**Work to complete:**
Starting with the line that contains "The Garden Tower" and ending with the last line of the listing, print each line exactly. Pictures stay out.

:: Raw data ::

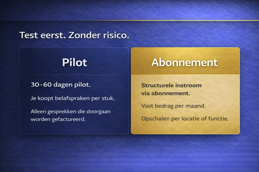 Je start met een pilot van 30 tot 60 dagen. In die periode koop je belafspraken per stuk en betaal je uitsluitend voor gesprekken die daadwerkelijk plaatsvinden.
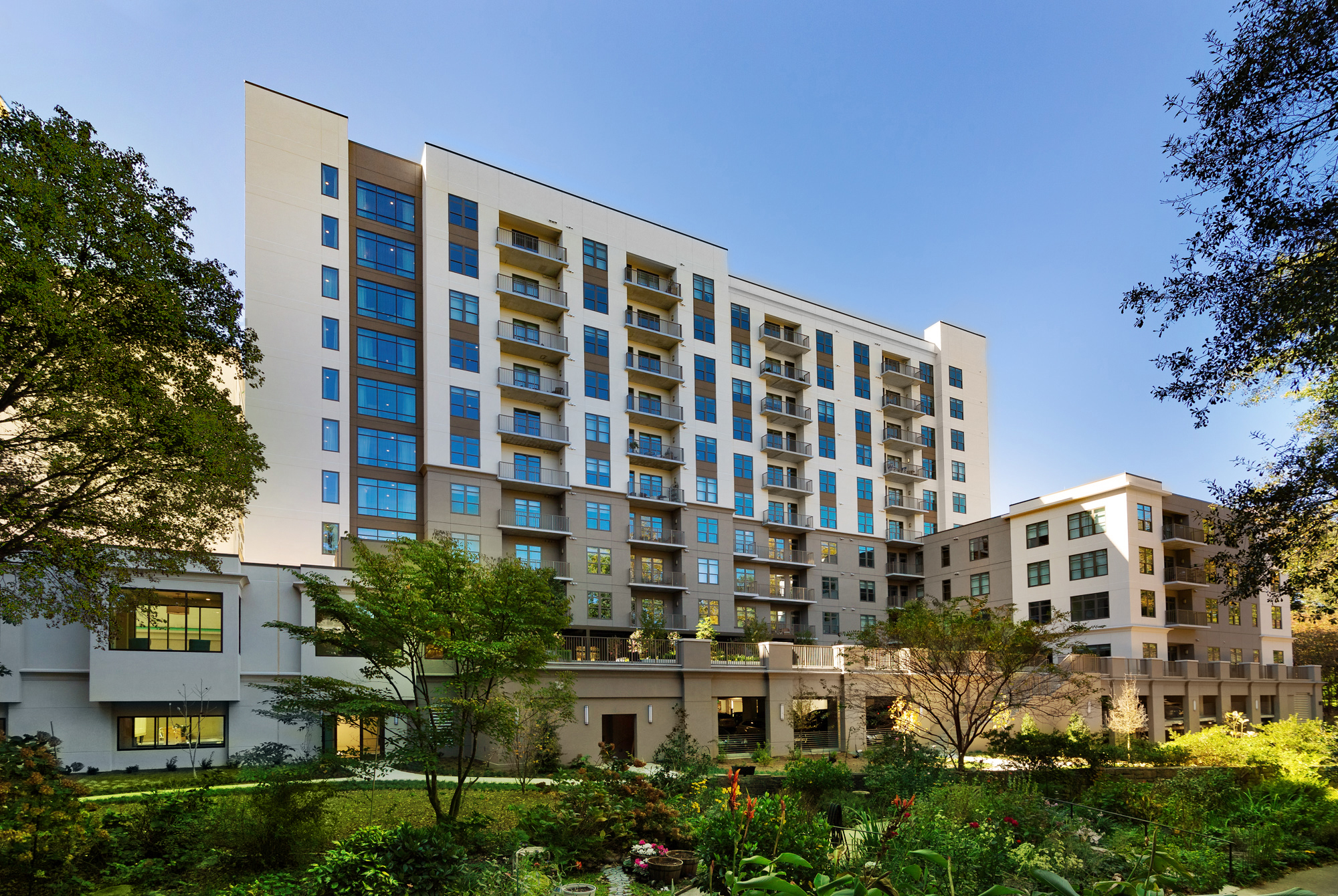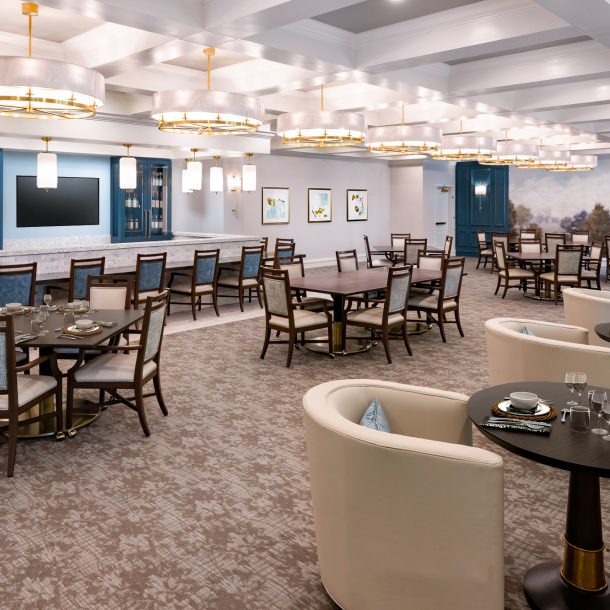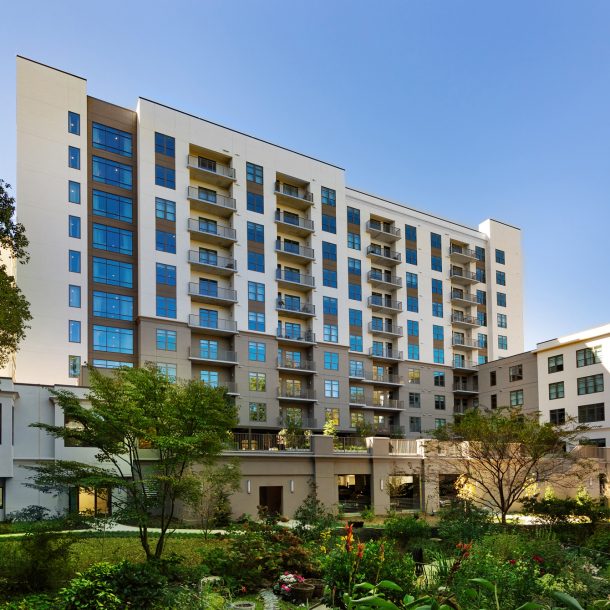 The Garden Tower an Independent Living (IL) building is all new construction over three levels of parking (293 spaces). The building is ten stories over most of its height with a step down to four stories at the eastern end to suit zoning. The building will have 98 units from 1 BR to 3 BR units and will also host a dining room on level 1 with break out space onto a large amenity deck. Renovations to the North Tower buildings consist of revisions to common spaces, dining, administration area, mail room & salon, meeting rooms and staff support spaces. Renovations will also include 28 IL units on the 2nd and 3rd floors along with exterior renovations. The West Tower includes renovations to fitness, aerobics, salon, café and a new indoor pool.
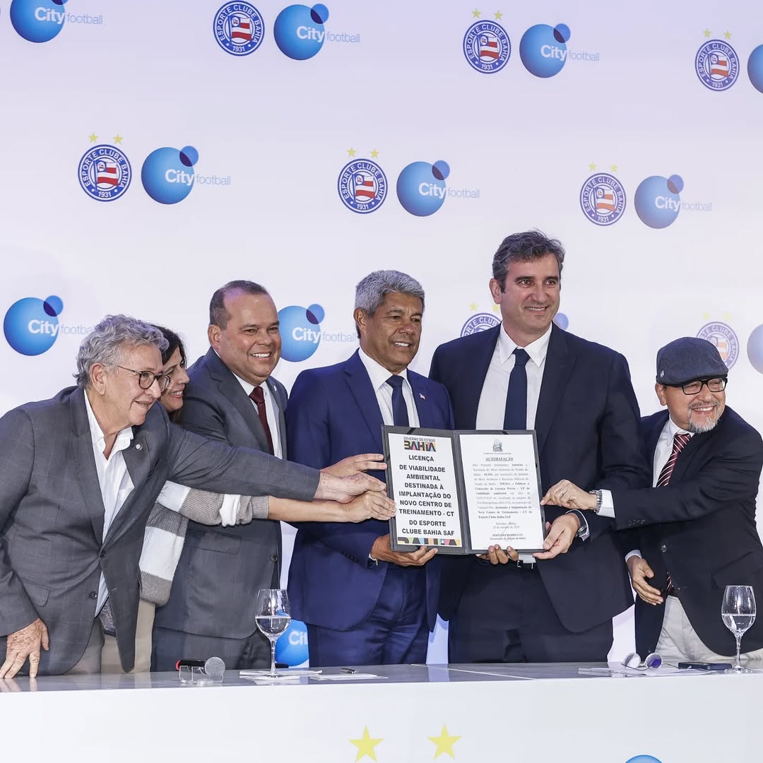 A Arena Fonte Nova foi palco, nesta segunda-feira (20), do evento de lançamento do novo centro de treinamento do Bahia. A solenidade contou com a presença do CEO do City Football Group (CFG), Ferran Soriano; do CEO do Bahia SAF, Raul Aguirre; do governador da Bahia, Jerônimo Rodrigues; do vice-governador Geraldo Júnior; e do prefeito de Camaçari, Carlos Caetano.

:::

**Written response:**
 The Garden Tower an Independent Living (IL) building is all new construction over three levels of parking (293 spaces). The building is ten stories over most of its height with a step down to four stories at the eastern end to suit zoning. The building will have 98 units from 1 BR to 3 BR units and will also host a dining room on level 1 with break out space onto a large amenity deck. Renovations to the North Tower buildings consist of revisions to common spaces, dining, administration area, mail room & salon, meeting rooms and staff support spaces. Renovations will also include 28 IL units on the 2nd and 3rd floors along with exterior renovations. The West Tower includes renovations to fitness, aerobics, salon, café and a new indoor pool.
 A Arena Fonte Nova foi palco, nesta segunda-feira (20), do evento de lançamento do novo centro de treinamento do Bahia. A solenidade contou com a presença do CEO do City Football Group (CFG), Ferran Soriano; do CEO do Bahia SAF, Raul Aguirre; do governador da Bahia, Jerônimo Rodrigues; do vice-governador Geraldo Júnior; e do prefeito de Camaçari, Carlos Caetano.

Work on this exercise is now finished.